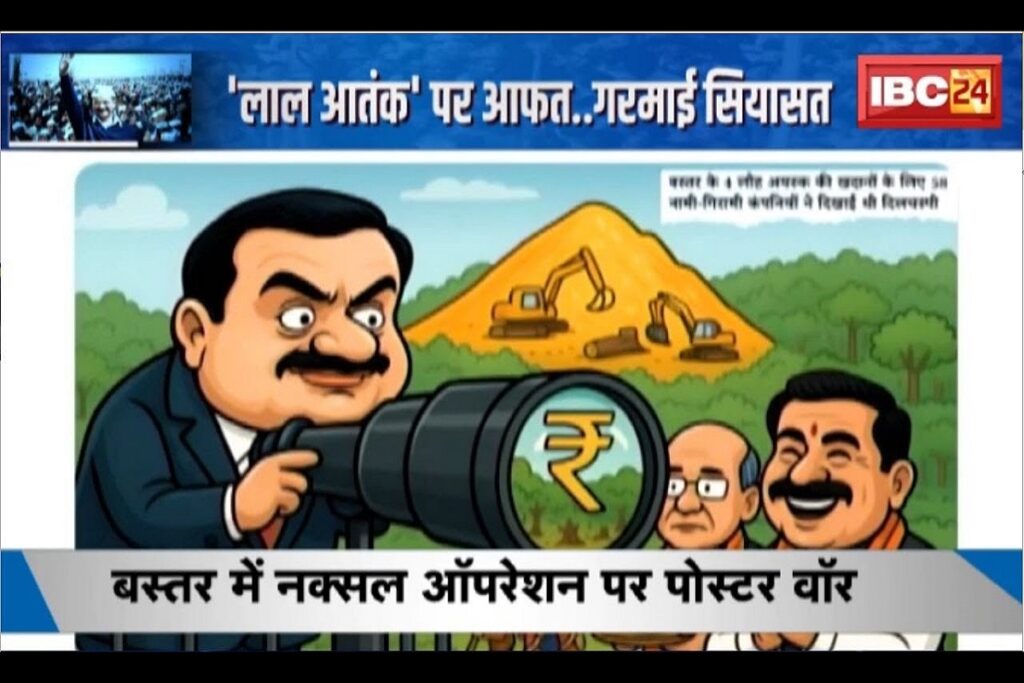 छत्तीसगढ़ में नक्सलियों के खिलाफ निर्णायक लड़ाई जैसे-जैसे अंतिम पड़ाव की ओर पहुंच रही है… नक्सल ऑपरेशन पर सियासत भी तेज होती जा रही है… जिसकी ताजा मिसाल है… छत्तीसगढ़ कांग्रेस की ओर से X पर जारी किया गया ये कार्टून पोस्टर.. जिसमें गौतम अडाणी और प्रदेश के दोनों डिप्टी सीएम को दिखाया गया है… अडानी दूरबीन लिए खड़े दिखाई दे रहे है वही उनके सामने दोनों उपमुख्यमंत्री हाथ जोड़कर खड़े हैं..
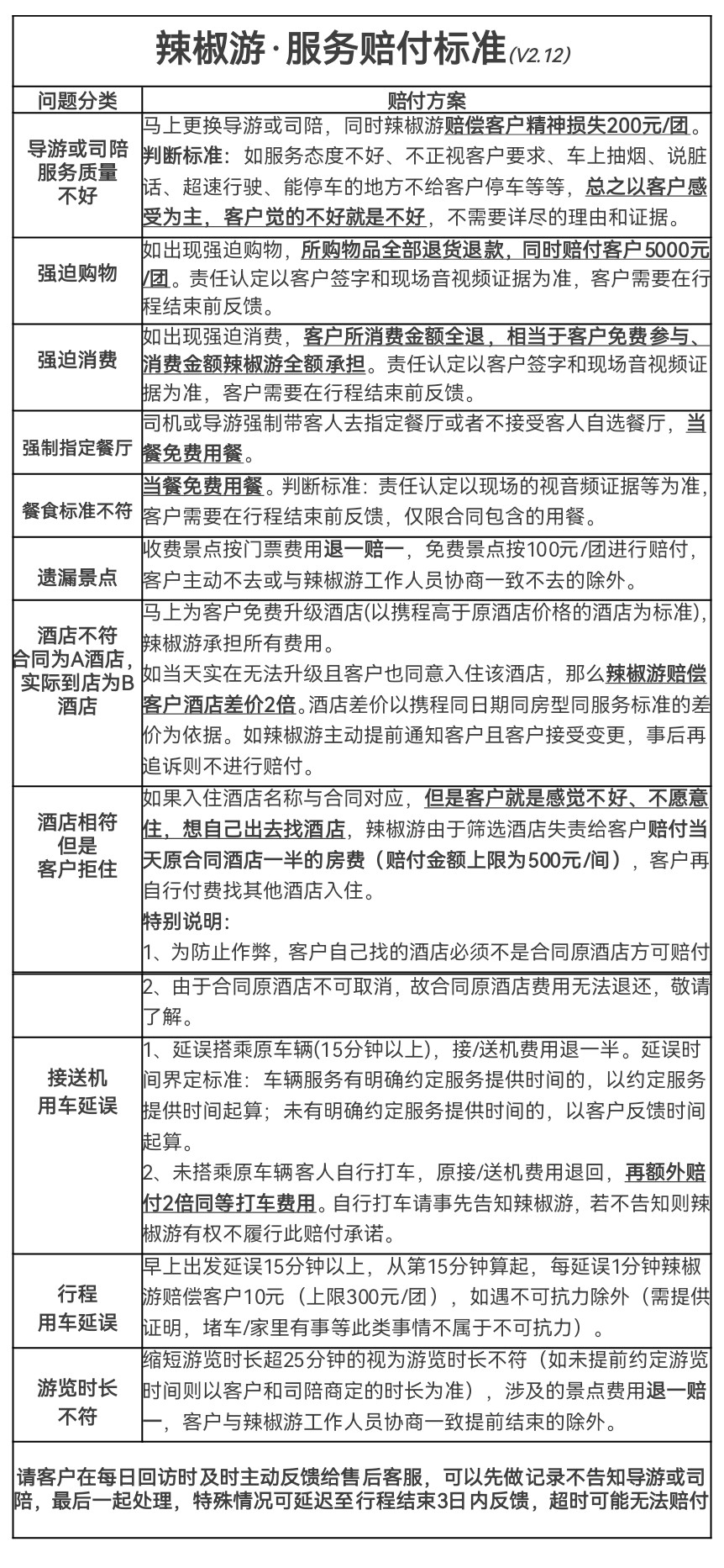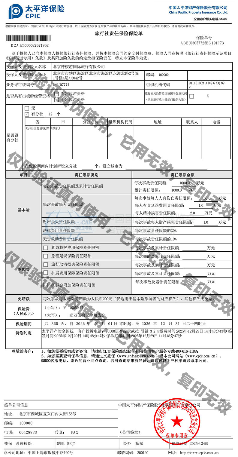 辣椒游已为游客购买1000万旅行社责任险,请放心报名!
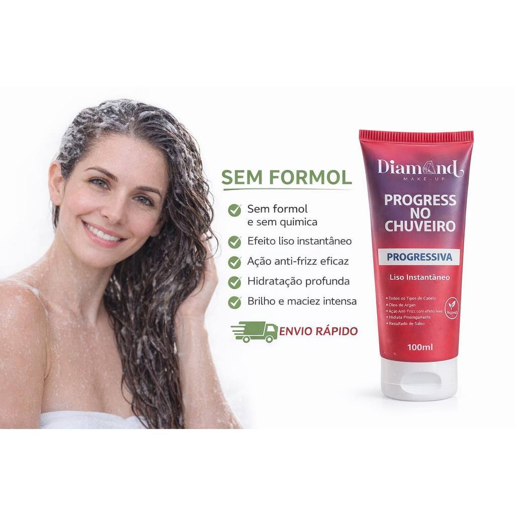 Tratamento Capilar Alinhador Progressiva de Chuveiro100ml Diamond, Sem Formol | Reduz Frizz Hidrata.
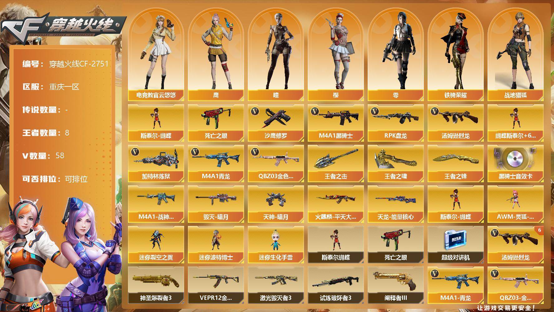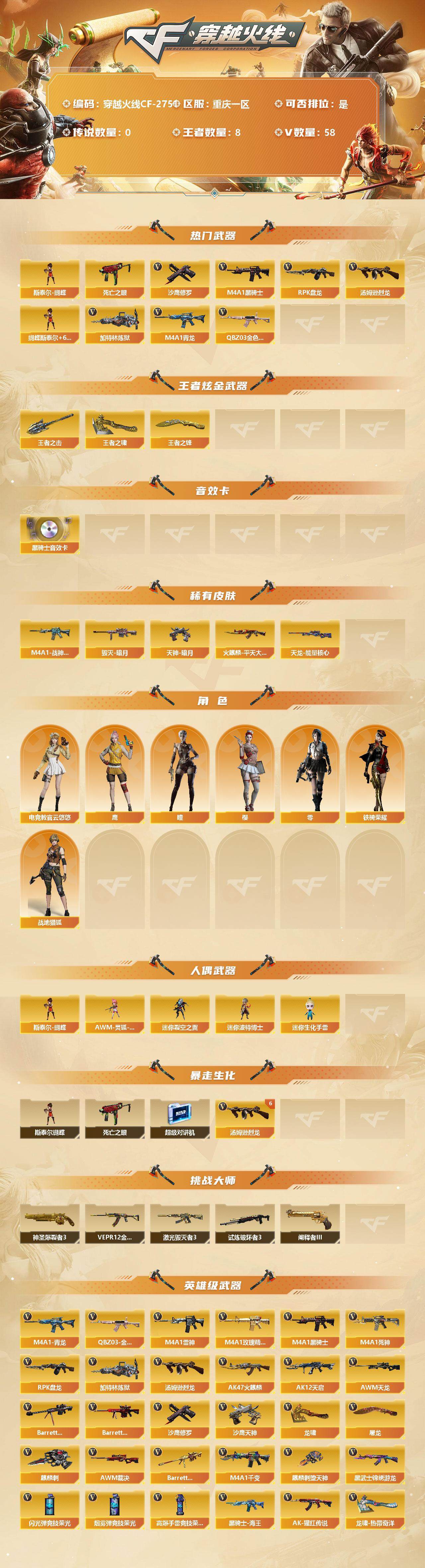 [12308957]【商品标题】:重庆一区-58V-8王者-0炫金 【热门武器】:QBZ03-金色蔷薇,M4A1-青龙,死亡之眼,M4A1-黑骑士*2,汤姆逊-烈龙*6,RPK-盘龙,加特林-炼狱,斯泰尔-蝴蝶,沙鹰-修罗*5 【王者炫金武器】:王者之啸,王者之击,王者之锋 【音效卡】:M4A1-黑骑士音效卡 【稀有皮肤】:M4A1-战神赵云,火麒麟-平天大圣,毁灭-暗月*2,天龙-能量核心,天神-暗月 【角色】:零,樱,瞳,电竞教官-云悠悠,鹰,战地猎狐,铁骑荣耀 【人偶武器】:斯泰尔-蝴蝶,AWM-灵狐-15周年嘉年华,迷你裂空之翼*5,迷你波特博士*2,迷你生化手雷 【暴走生化】:斯泰尔-蝴蝶,死亡之眼,超级对讲机 【挑战大师】:神圣爆裂者III,阐释者III,试炼破坏者III,激光毁灭者III,VEPR-12-金魔 【英雄级武器】:高爆手雷-竞技荣光*3,烟雾弹-竞技荣光,闪光弹-竞技荣光*2,麒麟刺-堕天神,QBZ03-金色蔷薇,M4A1-青龙,M4A1-雷神,M4A1-玫瑰精灵,M4A1-黑骑士*2,M4A1-死神,RPK-盘龙,加特林-炼狱,汤姆逊-烈龙*6,AK47-火麒麟,AK12-天启,AWM-天龙,Barrett-毁灭*2,Barrett-极光*2,AWM-裁决,Barrett-朱雀,M4A1-千变,黑武士-锦绣游龙,黑骑士-海王,AK-47-猩红传说,沙鹰-天神*3,沙鹰-修罗*5,麒麟刺,龙啸,屠龙,龙啸-热带奇洋 【特殊枪械】:蝴蝶斯泰尔+6烈龙,2黑骑士,6烈龙,1盘龙,1炼狱,1蝴蝶斯泰尔
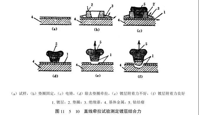 直線章拉試驗(yàn)可直接在鍍件上進(jìn)行。首先在試件鍍層表面,用一非導(dǎo)體墊國固定在被測部位上,并在墊國以外的鍍層表面加以絕緣層,然后在墊國以內(nèi)的鍍層上電鑄鈷或其它金屬,經(jīng)一定時間,在該鍍層上沿墊國內(nèi)壁形成一個金屬結(jié)瘤,電鑄結(jié)束后取下墊國,除去絕緣層,將鑄有金屬結(jié)瘤的試件置于專用的張力測試機(jī)上,以機(jī)械力將般層牽拉至斷裂見圖11_5_10。根據(jù)般層剝離時用力的大小及般層結(jié)合面積可計(jì)算出般層的結(jié)合強(qiáng)度。
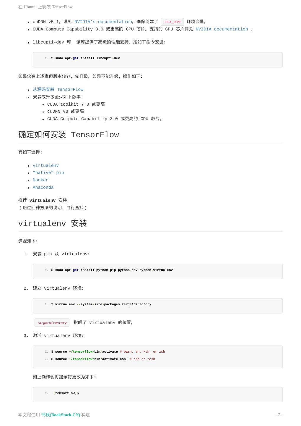 7 .在 Ubuntu 上安装 TensorFlow cuDNN v5.1。详见 NVIDIA’s documentation。确保创建了 CUDA_HOME 环境变量。 CUDA Compute Capability 3.0 或更高的 GPU 芯片。支持的 GPU 芯片详见 NVIDIA documentation 。 libcupti-dev 库, 该库提供了高级的性能支持,按如下命令安装: 1. $ sudo apt-get install libcupti-dev 如果含有上述库但版本较老,先升级。如果不能升级,操作如下: 从源码安装 TensorFlow 安装或升级至少如下版本: CUDA toolkit 7.0 或更高 cuDNN v3 或更高 CUDA Compute Capability 3.0 或更高的 GPU 芯片。 确定如何安装 TensorFlow 有如下选择: virtualenv “native” pip Docker Anaconda 推荐 virtualenv 安装 (略过四种方法的说明,自行查找) virtualenv 安装 步骤如下: 1. 安装 pip 及 virtualenv: 1. $ sudo apt-get install python-pip python-dev python-virtualenv 2. 建立 virtualenv 环境: 1. $ virtualenv --system-site-packages targetDirectory targetDirectory 指明了 virtualenv 的位置。 3. 激活 virtualenv 环境: 1. $ source ~/tensorflow/bin/activate # bash, sh, ksh, or zsh 2. $ source ~/tensorflow/bin/activate.csh # csh or tcsh 如上操作会将提示符更改为如下: 1. (tensorflow)$ 本文档使用 书栈(BookStack.CN) 构建 - 7 -
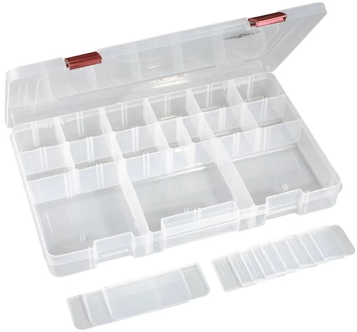 Diese Zubehörbox hat eine Größe von 35 x 22 x 5cm. Sie ist individuell einteilbar und damit optimal für die Aufbewahrung von Blinkern, Spinnern oder sonstigen Zubehör geeignet. Sie ist einer sehr gute Ergänzung des MIKADO Taschenprogramms.
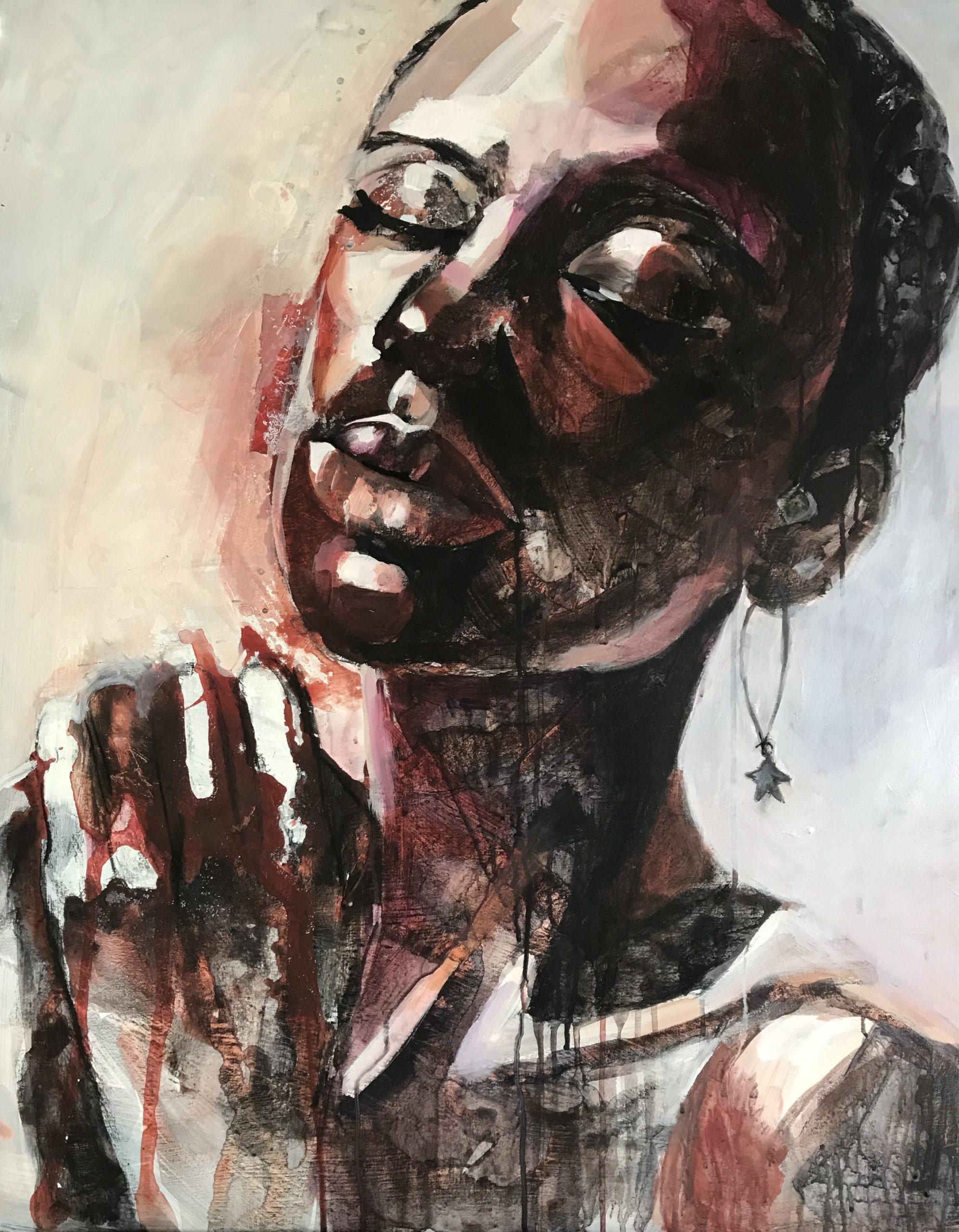 Mixed media on canvas.

-- PROBLEM --
Omit all pictures while transcribing the entries verbatim.

-- ANSWER TO THIS TASK --
 छत्तीसगढ़ में नक्सलियों के खिलाफ निर्णायक लड़ाई जैसे-जैसे अंतिम पड़ाव की ओर पहुंच रही है… नक्सल ऑपरेशन पर सियासत भी तेज होती जा रही है… जिसकी ताजा मिसाल है… छत्तीसगढ़ कांग्रेस की ओर से X पर जारी किया गया ये कार्टून पोस्टर.. जिसमें गौतम अडाणी और प्रदेश के दोनों डिप्टी सीएम को दिखाया गया है… अडानी दूरबीन लिए खड़े दिखाई दे रहे है वही उनके सामने दोनों उपमुख्यमंत्री हाथ जोड़कर खड़े हैं..
 辣椒游已为游客购买1000万旅行社责任险,请放心报名!
 Tratamento Capilar Alinhador Progressiva de Chuveiro100ml Diamond, Sem Formol | Reduz Frizz Hidrata.
 [12308957]【商品标题】:重庆一区-58V-8王者-0炫金 【热门武器】:QBZ03-金色蔷薇,M4A1-青龙,死亡之眼,M4A1-黑骑士*2,汤姆逊-烈龙*6,RPK-盘龙,加特林-炼狱,斯泰尔-蝴蝶,沙鹰-修罗*5 【王者炫金武器】:王者之啸,王者之击,王者之锋 【音效卡】:M4A1-黑骑士音效卡 【稀有皮肤】:M4A1-战神赵云,火麒麟-平天大圣,毁灭-暗月*2,天龙-能量核心,天神-暗月 【角色】:零,樱,瞳,电竞教官-云悠悠,鹰,战地猎狐,铁骑荣耀 【人偶武器】:斯泰尔-蝴蝶,AWM-灵狐-15周年嘉年华,迷你裂空之翼*5,迷你波特博士*2,迷你生化手雷 【暴走生化】:斯泰尔-蝴蝶,死亡之眼,超级对讲机 【挑战大师】:神圣爆裂者III,阐释者III,试炼破坏者III,激光毁灭者III,VEPR-12-金魔 【英雄级武器】:高爆手雷-竞技荣光*3,烟雾弹-竞技荣光,闪光弹-竞技荣光*2,麒麟刺-堕天神,QBZ03-金色蔷薇,M4A1-青龙,M4A1-雷神,M4A1-玫瑰精灵,M4A1-黑骑士*2,M4A1-死神,RPK-盘龙,加特林-炼狱,汤姆逊-烈龙*6,AK47-火麒麟,AK12-天启,AWM-天龙,Barrett-毁灭*2,Barrett-极光*2,AWM-裁决,Barrett-朱雀,M4A1-千变,黑武士-锦绣游龙,黑骑士-海王,AK-47-猩红传说,沙鹰-天神*3,沙鹰-修罗*5,麒麟刺,龙啸,屠龙,龙啸-热带奇洋 【特殊枪械】:蝴蝶斯泰尔+6烈龙,2黑骑士,6烈龙,1盘龙,1炼狱,1蝴蝶斯泰尔
 直線章拉試驗(yàn)可直接在鍍件上進(jìn)行。首先在試件鍍層表面,用一非導(dǎo)體墊國固定在被測部位上,并在墊國以外的鍍層表面加以絕緣層,然后在墊國以內(nèi)的鍍層上電鑄鈷或其它金屬,經(jīng)一定時間,在該鍍層上沿墊國內(nèi)壁形成一個金屬結(jié)瘤,電鑄結(jié)束后取下墊國,除去絕緣層,將鑄有金屬結(jié)瘤的試件置于專用的張力測試機(jī)上,以機(jī)械力將般層牽拉至斷裂見圖11_5_10。根據(jù)般層剝離時用力的大小及般層結(jié)合面積可計(jì)算出般層的結(jié)合強(qiáng)度。
 7 .在 Ubuntu 上安装 TensorFlow cuDNN v5.1。详见 NVIDIA’s documentation。确保创建了 CUDA_HOME 环境变量。 CUDA Compute Capability 3.0 或更高的 GPU 芯片。支持的 GPU 芯片详见 NVIDIA documentation 。 libcupti-dev 库, 该库提供了高级的性能支持,按如下命令安装: 1. $ sudo apt-get install libcupti-dev 如果含有上述库但版本较老,先升级。如果不能升级,操作如下: 从源码安装 TensorFlow 安装或升级至少如下版本: CUDA toolkit 7.0 或更高 cuDNN v3 或更高 CUDA Compute Capability 3.0 或更高的 GPU 芯片。 确定如何安装 TensorFlow 有如下选择: virtualenv “native” pip Docker Anaconda 推荐 virtualenv 安装 (略过四种方法的说明,自行查找) virtualenv 安装 步骤如下: 1. 安装 pip 及 virtualenv: 1. $ sudo apt-get install python-pip python-dev python-virtualenv 2. 建立 virtualenv 环境: 1. $ virtualenv --system-site-packages targetDirectory targetDirectory 指明了 virtualenv 的位置。 3. 激活 virtualenv 环境: 1. $ source ~/tensorflow/bin/activate # bash, sh, ksh, or zsh 2. $ source ~/tensorflow/bin/activate.csh # csh or tcsh 如上操作会将提示符更改为如下: 1. (tensorflow)$ 本文档使用 书栈(BookStack.CN) 构建 - 7 -
 Diese Zubehörbox hat eine Größe von 35 x 22 x 5cm. Sie ist individuell einteilbar und damit optimal für die Aufbewahrung von Blinkern, Spinnern oder sonstigen Zubehör geeignet. Sie ist einer sehr gute Ergänzung des MIKADO Taschenprogramms.
 Mixed media on canvas.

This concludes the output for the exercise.